→ Your task
Your job is to retype the records exactly while dropping every picture.

→ Stored data
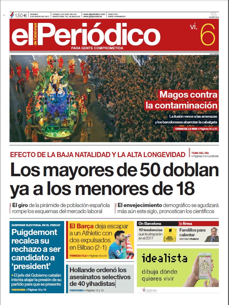 EL PERIÓDICO: "Magos contra la contaminación. La ilusión vence a las amenazas y los barceloneses abarrotan la cabalgata"; "Los mayores de 50 doblan ya a los menores de 18"; "Puigdemont recalca su rechazo a ser candidato a 'president'"; "El Barça deja escapar a un Athletic con dos expulsados en Bilbao (2-1)"; "Hollande ordenó los asesinatos selectivos de 40 yihadistas".
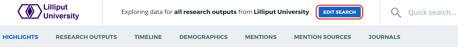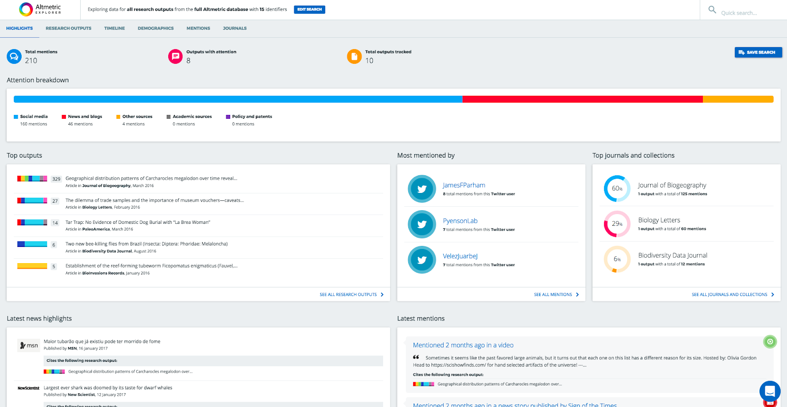 The results will appear in the Highlights section that shows how many outputs Altmetric knows about and how many of those outputs received mentions. You will then be able to navigate to the other tabs for an in-depth analysis.
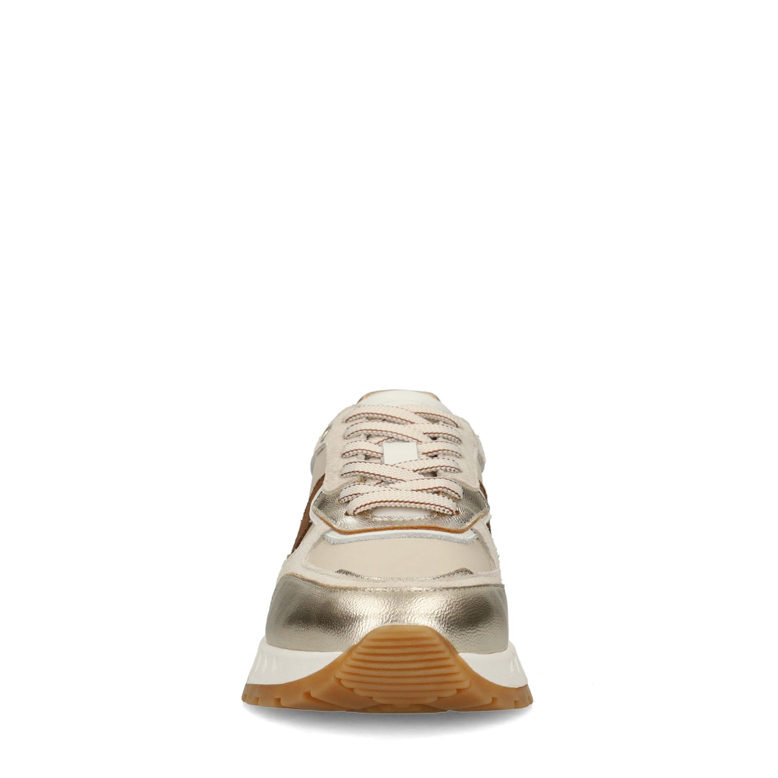 Gouden leren sneakers met multicolor details van Manfield. De sneakers hebben een witte zool van 3 cm. We adviseren als bescherming en verzorging de Collonil Carbon pro.
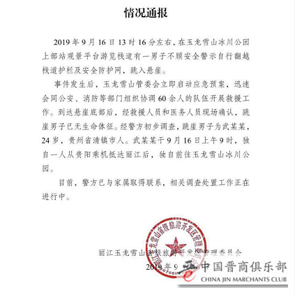 事件发生后,玉龙雪山管委会立即启动应急预案,迅速会同公安、消防等部门组织协调60余人的队伍开展救援工作。到达悬崖底部后,经救援人员和医务人员现场确认,跳崖男子已无生命体征。经警方初步调查,跳崖男子为武某某, 24岁,贵州省清镇市人。武某某于9月16日上午9时,独自一人从贵阳乘机抵达丽江后,独自前往玉龙雪山冰川公园。
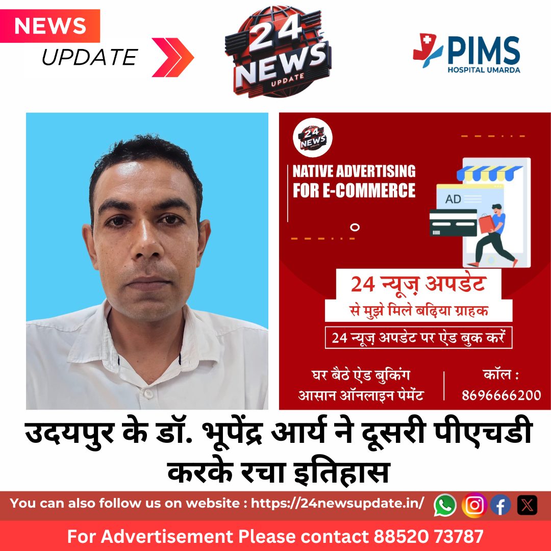 24 न्यूज अपडेट, उदयपुर। मोहनलाल सुखाड़िया विश्वविद्यालय डॉ. भूपेंद्र आर्य ने अपनी दूसरी पीएचडी उपाधि प्राप्त करके एक महत्वपूर्ण उपलब्धि हासिल कर ली हैl डॉ. भूपेंद्र आर्य ने प्रो. सुरेन्द्र कुमार कटारिया के निर्देशन में राजस्थान में उच्च शिक्षा में कार्य निष्पादन “मोहनलाल सुखाड़िया विश्वविद्यालय,उदयपुर और राजकीय मीरा कन्या महाविद्यालय,उदयपुर के तुलनात्मक और प्रशासनिक अध्ययन विषय पर अपना शोध कार्य पूरा किया है, और इस उपलब्धि के साथ ही मोहनलाल सुखाड़िया विश्वविद्यालय के सामाजिक विज्ञान संकाय से दो पीएचडी की उपाधि प्राप्त करने वाले एक मात्र शोधार्थी होने का गौरव भी हासिल कर लिया है, इससे पहले डॉ. भूपेंद्र आर्य राजनीति विज्ञान में पीएचडी की उपाधि प्राप्त कर चुके हैं, और अब लोक प्रशासन विषय में दूसरी पीएचडी की उपाधि प्राप्त करके डॉ. भूपेंद्र आर्य ने एक अनोखा रिकॉर्ड अपने नाम कर लिया है क्योंकि
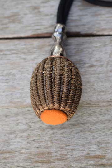 Nederlandse M 1855 infanterie officiers sabel kwast. / Dutch M 1855 infantry officers sword knot. Dutch infantry officers sword knot, for all models of Dutch officers swords from 1852 till present day. Carried by all officers swords of the infantry, cavalry, artillery, Jaegers, Grenadiers etc. From the rank of luitenant till General. Not used by the Marines and Navy. Acorn shape with plated steel stem and crown. Acorn head made out of multiple rows of bullion wire. Orange core and a black cord. Cord and acorn show light wear only.

→ Output below
 EL PERIÓDICO: "Magos contra la contaminación. La ilusión vence a las amenazas y los barceloneses abarrotan la cabalgata"; "Los mayores de 50 doblan ya a los menores de 18"; "Puigdemont recalca su rechazo a ser candidato a 'president'"; "El Barça deja escapar a un Athletic con dos expulsados en Bilbao (2-1)"; "Hollande ordenó los asesinatos selectivos de 40 yihadistas".
 The results will appear in the Highlights section that shows how many outputs Altmetric knows about and how many of those outputs received mentions. You will then be able to navigate to the other tabs for an in-depth analysis.
 Gouden leren sneakers met multicolor details van Manfield. De sneakers hebben een witte zool van 3 cm. We adviseren als bescherming en verzorging de Collonil Carbon pro.
 事件发生后,玉龙雪山管委会立即启动应急预案,迅速会同公安、消防等部门组织协调60余人的队伍开展救援工作。到达悬崖底部后,经救援人员和医务人员现场确认,跳崖男子已无生命体征。经警方初步调查,跳崖男子为武某某, 24岁,贵州省清镇市人。武某某于9月16日上午9时,独自一人从贵阳乘机抵达丽江后,独自前往玉龙雪山冰川公园。
 24 न्यूज अपडेट, उदयपुर। मोहनलाल सुखाड़िया विश्वविद्यालय डॉ. भूपेंद्र आर्य ने अपनी दूसरी पीएचडी उपाधि प्राप्त करके एक महत्वपूर्ण उपलब्धि हासिल कर ली हैl डॉ. भूपेंद्र आर्य ने प्रो. सुरेन्द्र कुमार कटारिया के निर्देशन में राजस्थान में उच्च शिक्षा में कार्य निष्पादन “मोहनलाल सुखाड़िया विश्वविद्यालय,उदयपुर और राजकीय मीरा कन्या महाविद्यालय,उदयपुर के तुलनात्मक और प्रशासनिक अध्ययन विषय पर अपना शोध कार्य पूरा किया है, और इस उपलब्धि के साथ ही मोहनलाल सुखाड़िया विश्वविद्यालय के सामाजिक विज्ञान संकाय से दो पीएचडी की उपाधि प्राप्त करने वाले एक मात्र शोधार्थी होने का गौरव भी हासिल कर लिया है, इससे पहले डॉ. भूपेंद्र आर्य राजनीति विज्ञान में पीएचडी की उपाधि प्राप्त कर चुके हैं, और अब लोक प्रशासन विषय में दूसरी पीएचडी की उपाधि प्राप्त करके डॉ. भूपेंद्र आर्य ने एक अनोखा रिकॉर्ड अपने नाम कर लिया है क्योंकि
 Nederlandse M 1855 infanterie officiers sabel kwast. / Dutch M 1855 infantry officers sword knot. Dutch infantry officers sword knot, for all models of Dutch officers swords from 1852 till present day. Carried by all officers swords of the infantry, cavalry, artillery, Jaegers, Grenadiers etc. From the rank of luitenant till General. Not used by the Marines and Navy. Acorn shape with plated steel stem and crown. Acorn head made out of multiple rows of bullion wire. Orange core and a black cord. Cord and acorn show light wear only.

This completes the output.